**INSTRUCTIONS TO FOLLOW**
Return each line of the listing below, unchanged, and omit the images.

**SOURCE MATERIAL**
====

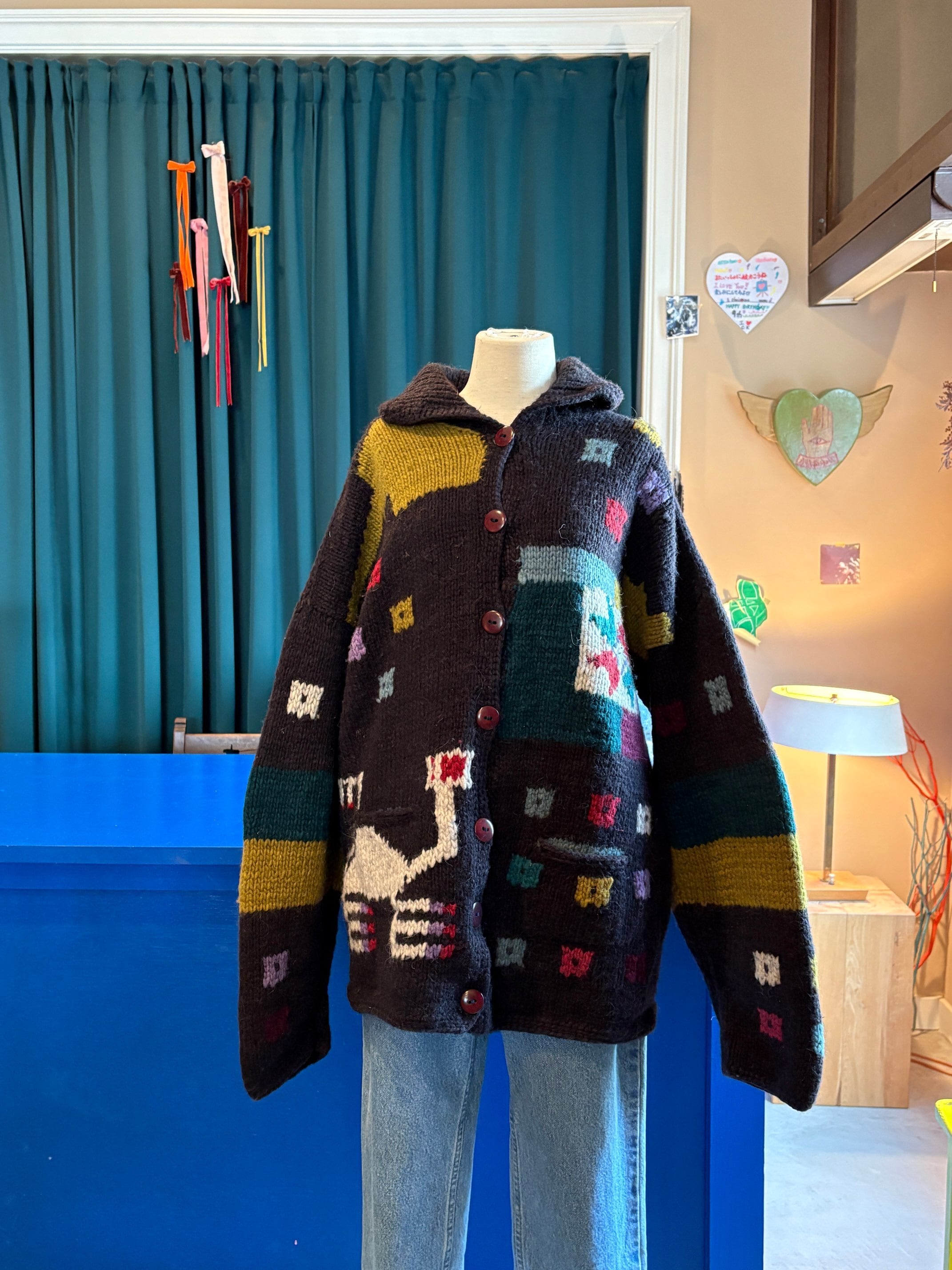 商品説明 : 南米特有のざっくり編まれた 配色、デザインセンスの良い1着です。
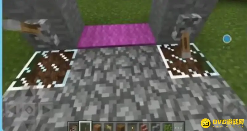 4、在坑里的台阶上,门框的中间放上2个栅栏门,哪种栅栏门都可以,按住shift键,鼠标对着栅栏门,右键放上地毯。
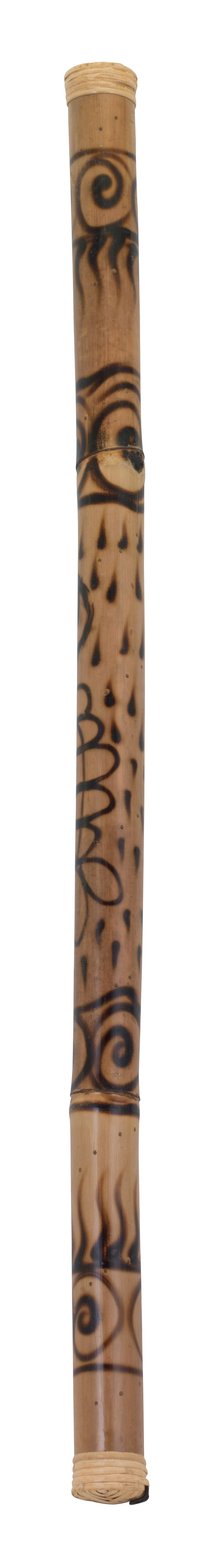 Pearl 48" natural Bamboo Rainsticks are 2.5" in diameter and feature a spiral maze of tines that a cascade of lava pebbles flow over to create the soothing sound of falling rain. Finished in a hand burned design the depicts the life cycle of water called Rhythm Water. •48" Bamboo Rainstick •Hand crafted special effect and ceremonial instrument •Impressive projection and sustain •Play like a large shaker
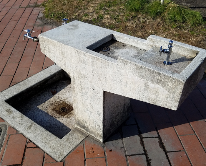 バーベキューエリアの水道になります。園内に2箇所設置されています。※コンロや食器など洗い物はご遠慮下さい。

====

**RESPONSE TO THE EXERCISE**
 商品説明 : 南米特有のざっくり編まれた 配色、デザインセンスの良い1着です。
 4、在坑里的台阶上,门框的中间放上2个栅栏门,哪种栅栏门都可以,按住shift键,鼠标对着栅栏门,右键放上地毯。
 Pearl 48" natural Bamboo Rainsticks are 2.5" in diameter and feature a spiral maze of tines that a cascade of lava pebbles flow over to create the soothing sound of falling rain. Finished in a hand burned design the depicts the life cycle of water called Rhythm Water. •48" Bamboo Rainstick •Hand crafted special effect and ceremonial instrument •Impressive projection and sustain •Play like a large shaker
 バーベキューエリアの水道になります。園内に2箇所設置されています。※コンロや食器など洗い物はご遠慮下さい。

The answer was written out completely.